Они шли по Конногвардейскому бульвару в сторону порта и играли в затеянную Крудом игру.
— Бывший гимназический учитель — на редкость сердитый и неприятный тип. Привык говорить всем гадости и так всех к этому приучил, что ему все прощали.
— Вы знаете всех?
— Я знаю тех, кто достоин того, чтобы я их знал.
Белоголовые настороженные мальчишки ловили рыбу, ветер гнал рябь по воде, и Уле вдруг вспомнилась Шеломь, качающаяся на волнах лодка и человек в зеленой охотничьей куртке с ружьем за спиной. Странное дело, но она почувствовала, что изменила ему, что сильный, властный человек с грубым лицом похитил ее душу, отнял вместе со свинцовой пулькой у того, кому она, Уля, по праву принадлежала с той поры, как ходила за ним по лесу и мечтала похитить его ружье.
— А Легкобытова вы не знаете?
— Мы встречались с ним в молодости, когда оба играли в революцию, но он дешевле отделался. — Голос у Савелия поскучнел. — Потом приезжал ко мне на Тошный остров в устье Двины. Болтал про какой-то дурацкий волшебный колобок, за которым он якобы идет по жизни, и искал сбежавшую от него невесту. А она была тогда уже моей женой, которую я отправил в Петербург к папаше. У нее очень занятный папаша: выступал за свободный брак, но, когда его дочь связалась с арестантом, потребовал, чтобы она со мной рассталась. Легкобытову я хотел, да не успел сказать, где ее найти. Он пошел пострелять уток, и его цапнула лисица. Бедняжка решил, что она бешеная, и так перепугался, что поехал в Архангельск делать прививку от бешенства. На обратном пути лодка, в которой они плыли, налетела на льдину и едва не перевернулась. Я налил ему водки, а он вдруг разорался, что я хочу его погубить. Оказывается, прививка от бешенства и алкоголь несовместимы. Какая чепуха! Я страдаю тем и другим одновременно сколько себя помню, и это мне ничуть не мешает. Если б я хотел его погубить, то просто убил бы. Он все пишет про своих тупых собак и запуганных птиц? Писать стоит лишь о том, чего нет на свете, ибо нет на свете ни поэтов, ни художников, ни писателей. Есть ловцы, ныряльщики в вышину, искатели небесного жемчуга, которым изредка удается стянуть с неба на землю что-то стоящее. Легкобытов не из их числа.
— Вы просто ему завидуете, — сказала Уля, неприятно задетая пренебрежительностью Крудова тона.

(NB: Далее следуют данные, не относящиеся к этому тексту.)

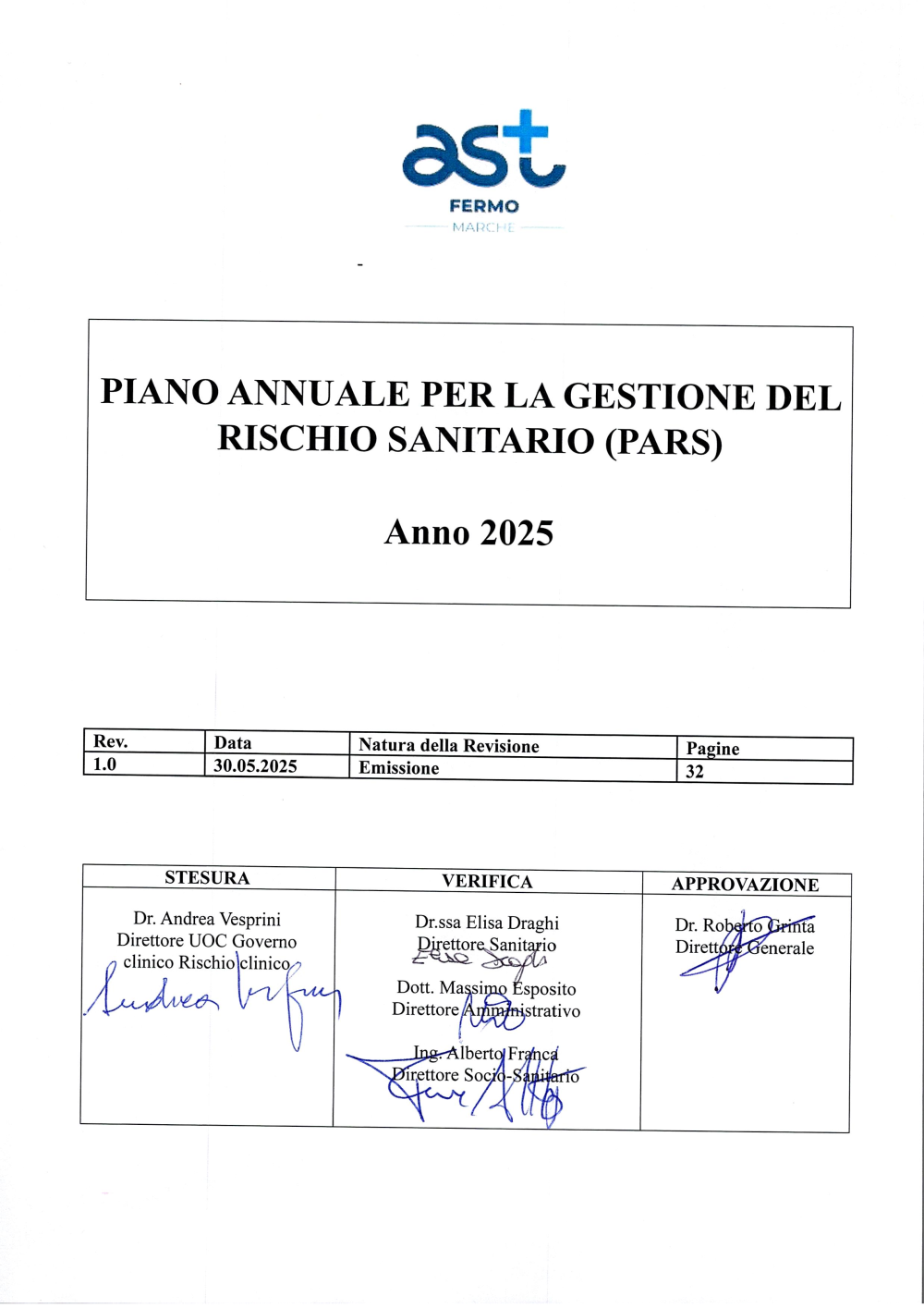 - PIANO ANNUALE PER LA GESTIONE DEL RISCHIO SANITARIO (PARS) ANNO 2025

— Завидую? Это смешно. Не он у меня, а я у него увел невесту. Он бескрыл, а я летаю. Я смотрел в глаза смерти, а он может похвастаться только шкурками убитых зверей. Я объездил весь мир, он же не видел ничего, кроме своих дурацких северных лесов и комариных болот. И читать сто лет спустя будут не его — меня.
«Ну и что с того? — подумала Уля. — Неужели это так важно, кого будут или не будут через сто лет? Да может быть, они вообще тогда ничего читать не будут. Но интересно, как бы рассказал ту же историю Павел Матвеевич?» И ее сердце само против воли заныло от лесной тоски, так что захотелось обменять обратно звездчатый сапфир на свинцовую пульку и вернуться в ту лодку, что текла по шеломской воде, но Уля испугалась своих беглых, непослушных мыслей, а еще больше испугалась того, что ревнивый и проницательный Круд их прочтет, углядит третьим глазом или уже прочел, потому что он нахмурился, замкнулся, не отвечал на ее вопросы и не рассказывал про тех, кто попадался им навстречу, и так они молча шли вдоль набережной: юная девочка и мужчина с крепким телом и старческим, изможденным лицом.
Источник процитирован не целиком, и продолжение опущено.